The wrong of defamation consists in the publication of a false and defamatory statement respecting another person without lawful justification or excuse. A statement is said to be defamatory when it has a tendency to bring a person to hatred, ridicule or contempt or which has a tendency to injure him in his office, profession or calling.
From the evidence by both the Plaintiff and the Defendant it is not in dispute that the Defendant had ordered expansion card from the Plaintiff and the same was delivered to the Defendant by the Plaintiff and installed at the Defendant’s premises.
The Plaintiff in his evidence testified that after the installation of the expansion card the Defendant had to formalize with the Kenya Posts and Telecommunication Corporation by filling in the necessary forms and payment of the necessary fees to them before they could come and connect the extra lines. He further testified that the removal of the expansion card had no effect because the card had not started working and that the card was as at that time useless to the defendant. This raises an interesting questions. How could the Plaintiff demand payment for the equipment before the same had been tested and found to be working? How could the Defendant ensure that the equipment could work before he could part with his money.
This was highly unprofessional. Usually in business practice an equipment is installed, tested and be found working before payment is made. I agree with the Defendant that the Plaintiff acted unprofessionally when he installed the expansion card at the Defendant’s premises and before it was tested to ensure that it works went secretly and removed it without informing the Defendant. This removal according to the Defendant rendered the Defendant’s telephone lines even those other that had existed inoperational.
I agree with the Defendant that the property in the card had passed to the Defendant and the Plaintiff had no right to remove the same from the Defendant’s premises without the consent of the Defendant and to make it worse without informing him about the removal. If payment had not been made it was a debt. This sparked a reaction by the Defendant the way he did by writing the letters which the Plaintiff alleges contained defamatory publication.
To me what the Defendant did was a natural reaction to what the Plaintiff had done when the Plaintiff removed the expansion card without informing him and rendering the Defendant’s telephone lines inoperative.

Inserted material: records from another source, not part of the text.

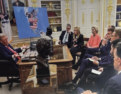 Trump difundió otra imagen en la que se lo ve reunido con líderes europeos en el Despacho Oval, donde se ve un mapa detrás que muestra a Estados Unidos, Canadá, Groenlandia y Venezuela bajo la bandera estadounidense.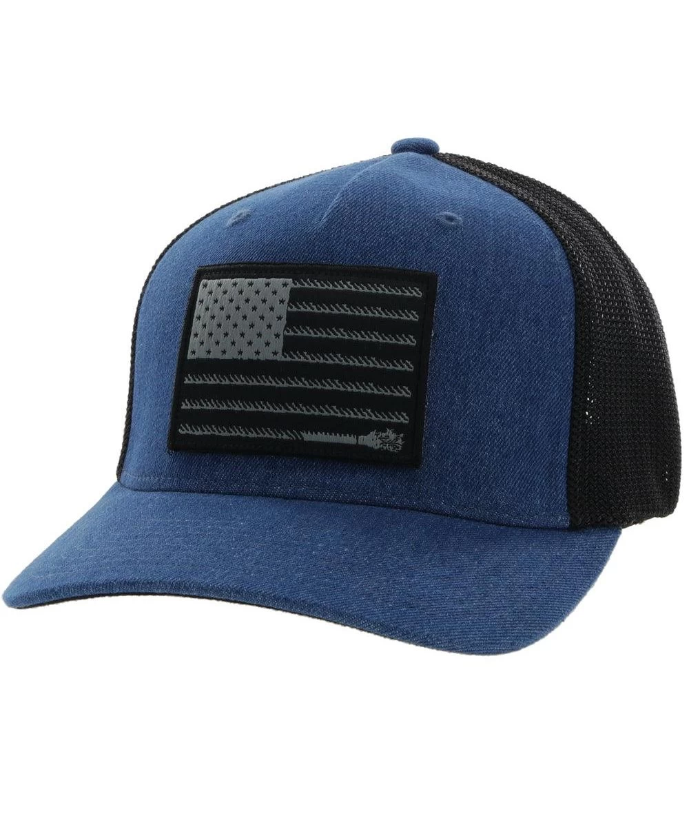 5 Panel Construction; Mid-Profile; Denim Front; Curved Bill; Black/Grey Patch; FlexFit Cap; Black Mesh; Style #2210DEBK
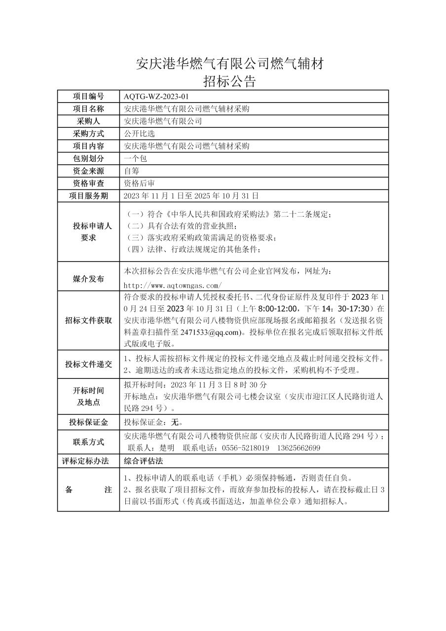 安慶港華燃氣有限公司燃氣輔材招標公告

Having perused the alleged publication I find nothing defamatory in the same. All what the Defendant did was to request that equipment be made functional or if not the same be removed from his business premises as the same could not be used and the reference to the equipment as “takataka” rubbish the Defendant meant the equipment and not the Plaintiff and if anything it could be the manufacturer who could feel offended by his product being called ‘takataka” rubbish and not the dealer.
The Plaintiff has not established that the said statement which were published of him by the defendant were defamatory and therefore his claim cannot succeed and the same must fail. Accordingly the Plaintiff’s suit dismissed with costs to the Defendant.
Dated and delivered at Nairobi this 17th day of October 2008.